**TASK BRIEF:**
Once you find the line with "Fingertip switch panel" in the data below, transcribe exactly each line from there to the line with "Work outfit during the events", inclusive, and nothing else. Drop the pictures.

>>>

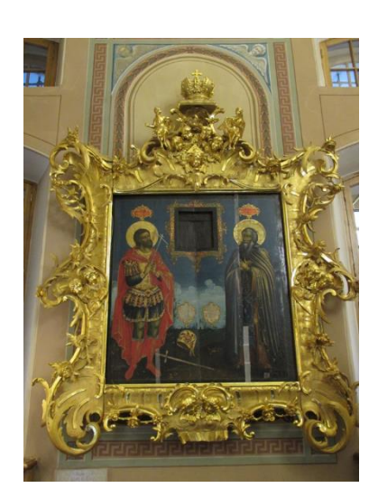
Figure 66. General view of the temple icon Mikhail Malein and John the Warrior in a frame after a comprehensive restoration of carved ornamental and sculptural decoration with gilding of two types without the icon of the Vladimir Mother of God and the frame to it in the upper part
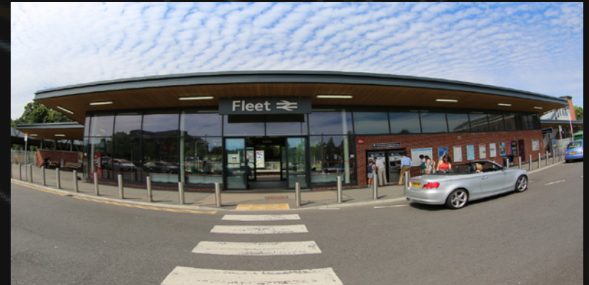
Fleet Mainline Railway Station
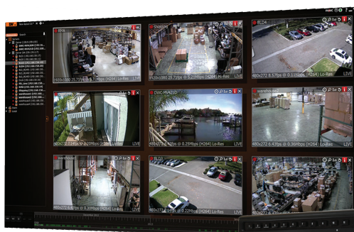
DW Spectrum™ screen view
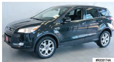
2013 FORD ESCAPE SEL AWD

LEATHER HEATED SEATS, BACKUP CAMERA, POWER SEAT LAKE COUNTRY'S LOW PRICE $17,998
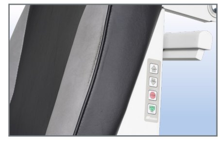
Fingertip switch panel
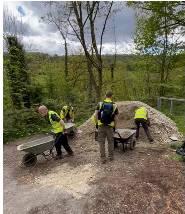
20 tons of gritstone is steadily barrowed away to the Valley bottom.
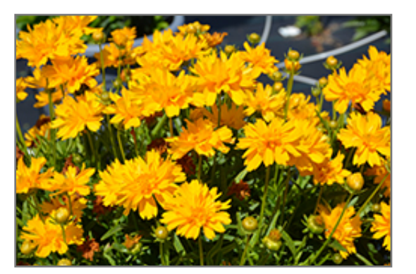
Double the Sun Tickseed in bloom
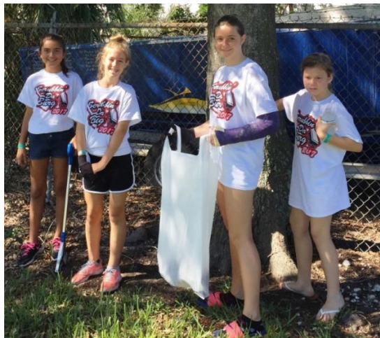
“Litter Crew” at Tyrone Overpass field.
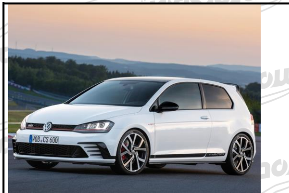
A) Vehicle seen from 3/4 front
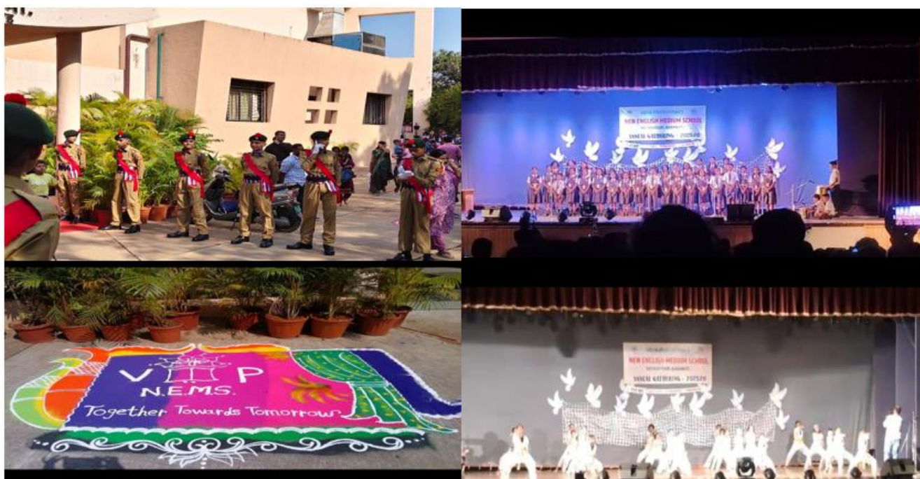
Annual Day 29/11/2025, Theme-Together Towards Tomorrow
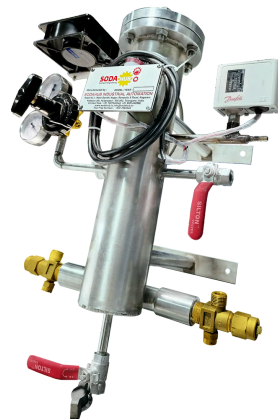
2-STAGE GAS BANK
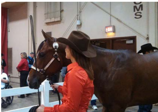
Figure 4. Students are able to show off their hard work and experience a larger portion of the industry when they travel to the large sale venues where the ISU horses are marketed. For many students, it is their first up close look at the horse industry from a production and marketing perspective. Students enjoy not only training and fitting the young horses but also getting to interact with the sales personnel, potential buyers and all of the professionals who are also marketing or buying prospects whether it is for show, racing or recreation.
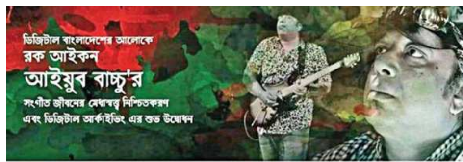
272 of legendary rockstar Ayub Bachchu's songs were preserved by the government.

Even though 2020 is considered to be a year of loss and uncertainty, the music industry's efforts to adapt and improvise is heartening. Heading into a fresh start, musicians are eagerly waiting to make the most of 2021.
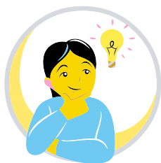
Thinking and learning
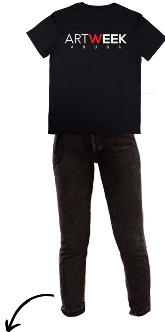
Work outfit during the events

For the event nights, such as the Art Table, Art Fair, and Art Fashion Show, you will be required to wear the official event shirt provided by the workplace, paired with black pants. We want to maintain a professional appearance throughout the events. Please note that the pants should not be sportswear, running or gym pants, or leggings, but rather jeans or trousers. Shorts are not allowed during the event nights.
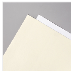
Very Vanilla 8-1/2" X 11" Thick Cardstock - 144237
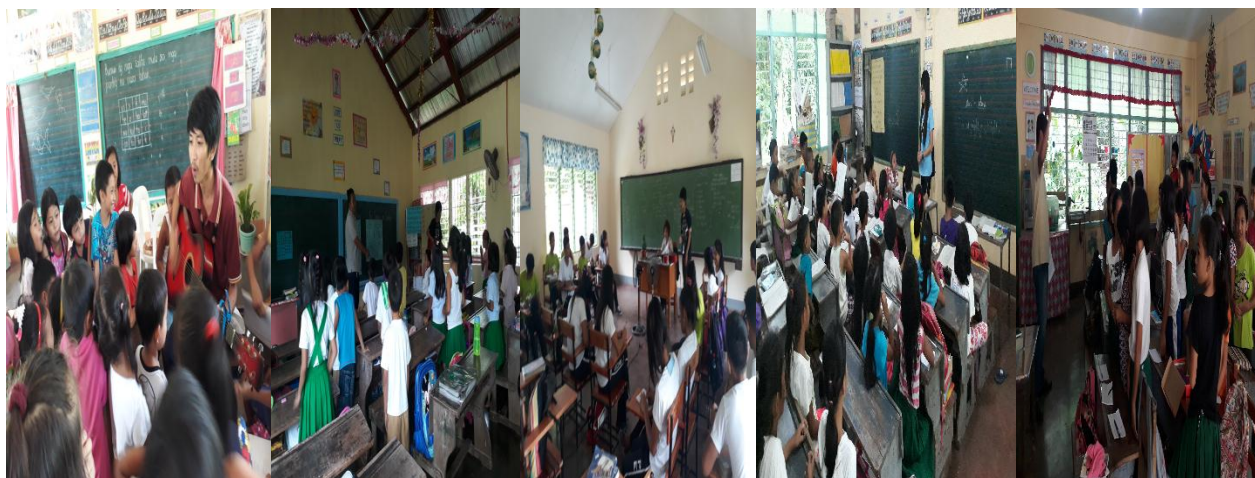
Values Instructional Class
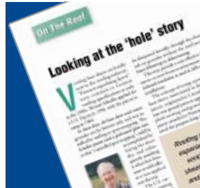
RSI (Roofing, Siding, Insulation) Magazine, October 2000

"...pressure can be dissipated laterally through the...granules without the roof membrane blistering or delaminating."
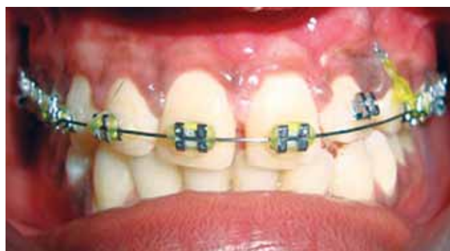
Fig. 9E: One month postoperative view (Case 7)
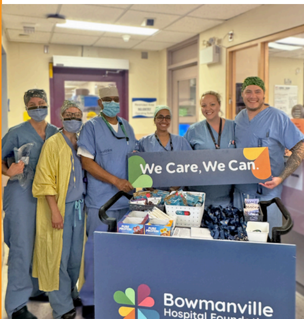
Team members enjoying the Spirit Cart.
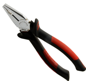
1 X PLIERS

<<<

**SOLUTION FOR THIS EXERCISE:**
Fingertip switch panel
20 tons of gritstone is steadily barrowed away to the Valley bottom.
Double the Sun Tickseed in bloom
“Litter Crew” at Tyrone Overpass field.
A) Vehicle seen from 3/4 front
Annual Day 29/11/2025, Theme-Together Towards Tomorrow
2-STAGE GAS BANK
Figure 4. Students are able to show off their hard work and experience a larger portion of the industry when they travel to the large sale venues where the ISU horses are marketed. For many students, it is their first up close look at the horse industry from a production and marketing perspective. Students enjoy not only training and fitting the young horses but also getting to interact with the sales personnel, potential buyers and all of the professionals who are also marketing or buying prospects whether it is for show, racing or recreation.
272 of legendary rockstar Ayub Bachchu's songs were preserved by the government.

Even though 2020 is considered to be a year of loss and uncertainty, the music industry's efforts to adapt and improvise is heartening. Heading into a fresh start, musicians are eagerly waiting to make the most of 2021.
Thinking and learning
Work outfit during the events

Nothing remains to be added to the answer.